*Your goal:* Copy out each line below verbatim, skipping any picture.

*Provided material:*
Start of Block
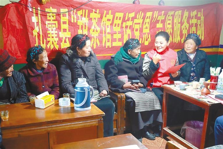 圖為扎囊縣新時代文明實踐志愿者在甜茶館與群眾話黨恩。記者 段敏 攝
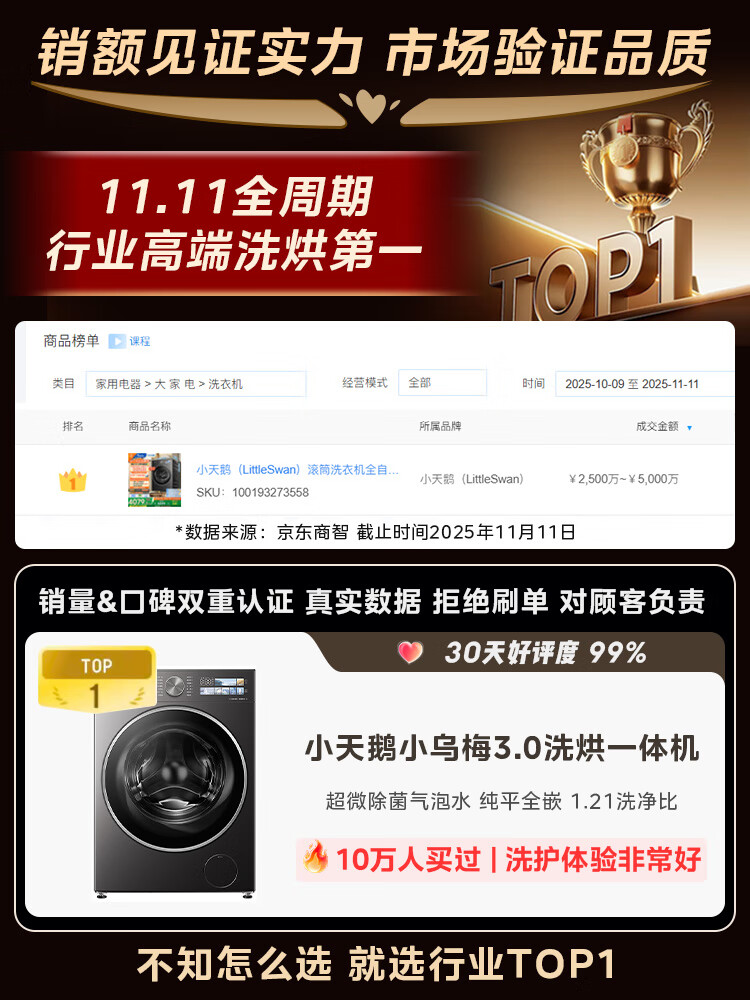 LittleSwan Xiaowumei 3.0 fully automatic drum washing machine with dryer and washing machine, 10KG ultra-thin large drum diameter TD10VE40, trade-in, national subsidy, underwear washing
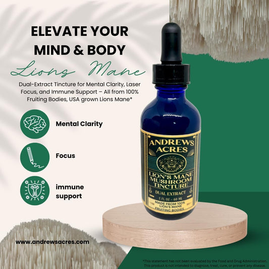Premium Dual Extract Lion's Mane Tincture - 100% Fruiting Bodies (2 oz) - Andrews Acres
End of Block
*Exercise response:*
 圖為扎囊縣新時代文明實踐志愿者在甜茶館與群眾話黨恩。記者 段敏 攝
 LittleSwan Xiaowumei 3.0 fully automatic drum washing machine with dryer and washing machine, 10KG ultra-thin large drum diameter TD10VE40, trade-in, national subsidy, underwear washing
Premium Dual Extract Lion's Mane Tincture - 100% Fruiting Bodies (2 oz) - Andrews Acres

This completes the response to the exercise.